L’usine de fabrication de wagons de marchandises a été le théâtre de trois décès sur le lieu de travail, dont Le, au cours de la dernière année et demie. Le laxisme des normes de sécurité et la recherche vorace du profit à tout prix ont fait de l’usine l’un des lieux de travail les moins sûrs de l’Ontario.

National Steel Car a pu mettre en danger la vie des travailleurs avec l’entière complicité des gouvernements provinciaux successifs. Le ministère du Travail de l’Ontario a inspecté l’usine au moins 221 fois entre le 1er juin 2017 et le 9 juin 2022. Fait remarquable, 75 de ces visites ont eu lieu entre le 3 juin 2021 et le 3 juin 2022. Le ministère a émis 78 ordonnances contre l’entreprise au cours de cette période. Bien que le ministère du Travail ne dise pas comment National Steel Car se compare aux autres lieux de travail de l’Ontario à cet égard, la section locale 7135 du Syndicat des Métallos affirme que les inspecteurs leur ont dit qu’il y avait plus d’incidents à cet endroit que dans tout autre établissement de la région.

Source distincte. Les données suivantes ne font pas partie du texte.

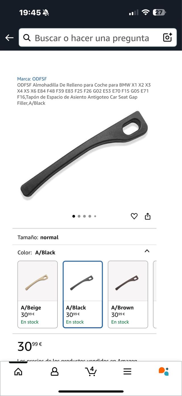 Detalles del productoVendo cuatro almohadillas para asiento de coche BMW Performance.

Le WSWS a récemment interviewé un travailleur de l’usine, qui a demandé à rester anonyme par crainte de représailles de la part de l’entreprise. À propos de la mort de Le, le travailleur a déclaré: «En ce qui concerne les ordres du ministère du Travail, l’entreprise a le droit de faire appel de tout ordre qu’elle juge «onéreux».

«Après l’incident de M. Le, j’ai observé les superviseurs et le chef de ligne s’assurer que toutes les procédures de sécurité qui étaient censées être prises, l’étaient effectivement. Il s’agit essentiellement de l’aveu d’une approche laxiste de la sécurité.»

National Steel Car est une entreprise de plusieurs millions de dollars et le plus grand fabricant de wagons de marchandises au Canada. Elle compte parmi ses clients de nombreux chemins de fer de classe I en Amérique du Nord, comme le Canadien Pacifique, le Canadien National, le BNSF et le Norfolk Southern.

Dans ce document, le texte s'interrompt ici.